On observe par endroits une alternance entre les sulfures massifs et les sulfures disséminés, ce qui suggère un processus épisodique pour ces minéralisations, associé probablement à différentes venues de magma. La pentlandite grossièrement grenue forme plus de 20 % des sulfures observés. Cependant, il ne semble pas y avoir de différences de teneurs en Ni-Cu-EGP entre la minéralisation à sulfures grossièrement grenus et la minéralisation finement grenue.



Les sills ultramafiques à mafiques sont intercalés, par endroits, entre des niveaux de métasédiments. Il n’est donc pas rare de trouver une section de forage avec plusieurs niveaux de sulfures massifs. La poursuite d’un forage en profondeur peut souvent dépendre de la présence de stockwork de sulfures dans ces métasédiments (T. Keast, communication personnelle).

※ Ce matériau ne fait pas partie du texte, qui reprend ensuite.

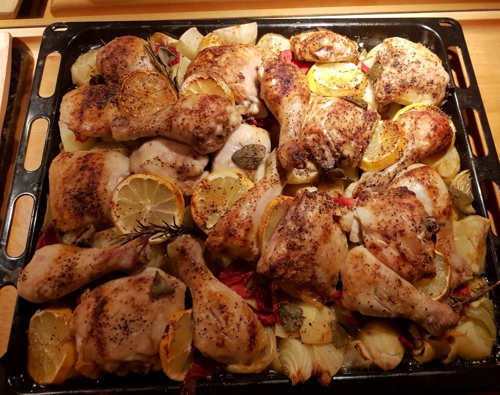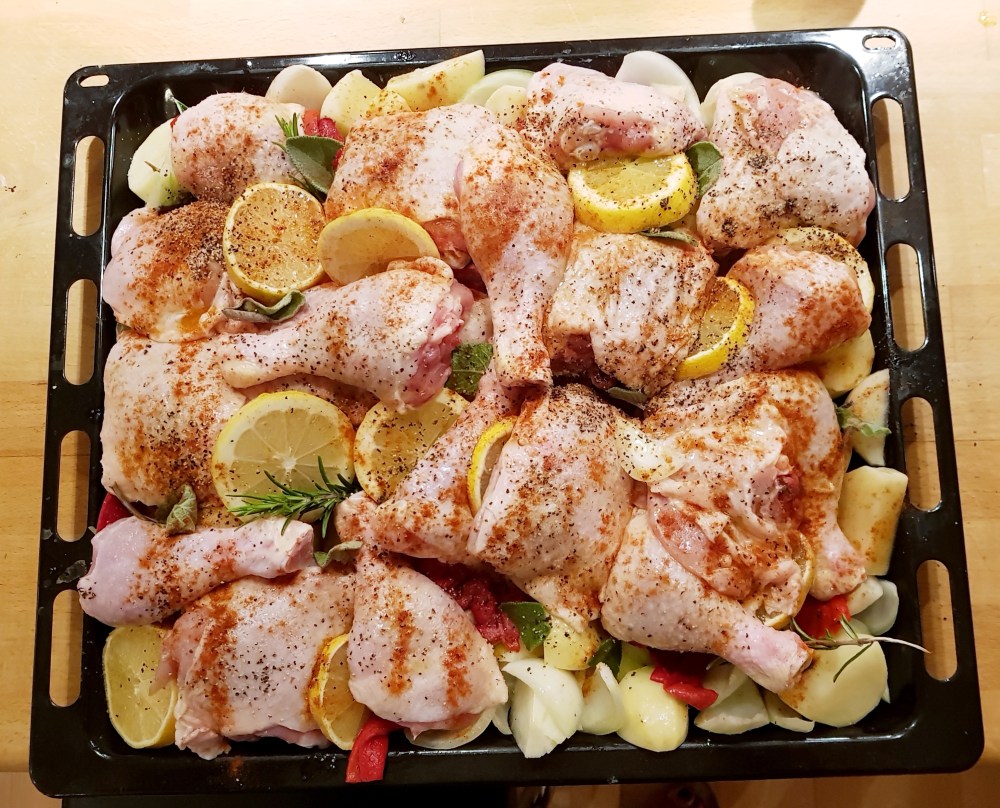 Denne uken var det tid for månedens familiemiddag, en hverdagsmiddag etter jobb, skole og barnehage. Denne gangen ble det en alt-i-ett panne med kyllinglår, dvs jeg brukte kyllingklubber som består av lår pluss overlår. Jeg deler dem alltid der disse to henger sammen. Overlårene har nok mest kjøtt, men også mer ben enn selve låret. Vi var 6 voksne og 2 barn, de sistnevnte spiste ikke så mye. Jeg brukte litt over 2 kg med klubber og disse ble nesten spist opp. I tillegg brukte jeg poteter, løk, hvitløk, sitron og paprika pluss litt fersk salvie og fersk rosmarin. Salt, pepper og paprikapulver.

Contrairement au « trend » nord, les teneurs en nickel du « trend » sud dépassent rarement 3 % Ni, alors que le cuivre se maintient souvent au-dessus de 4 % sur 6 m par endroits, y compris des intervalles de 8 % sur 0,5 m. En termes d’analyse par échantillon individuel, les rapports Ni/Cu sont constants et tournent autour de 1. De même, les rapports Pd/Pt relativement constants, autour de 4, dans les minéralisations massives ou disséminées passent abruptement de 15 à 20 dans les niveaux plus riches en Cu et en Pd. On observe également une corrélation positive entre le Cu et le Pd.

Les valeurs les plus élevées en Pd (> 10 g/t) sont généralement associées à une minéralisation riche en Cu. La présence de la chalcopyrite massive sous forme de veines ou de minces niveaux centimétriques suggère qu’il s’agit des remobilisations hydrothermales du Cu et du Pd à partir des minéralisations primaires magmatiques.

Ainsi, certains gîtes de sulfures magmatiques du « trend » sud, à faible teneur en nickel, pourraient devenir viables économiquement, grâce à leurs teneurs élevées en Pt et en Pd. Des analyses systématiques de ces deux éléments sont donc fortement suggérées pour le « trend » sud, même sur des sections où les teneurs en nickel sont très faibles.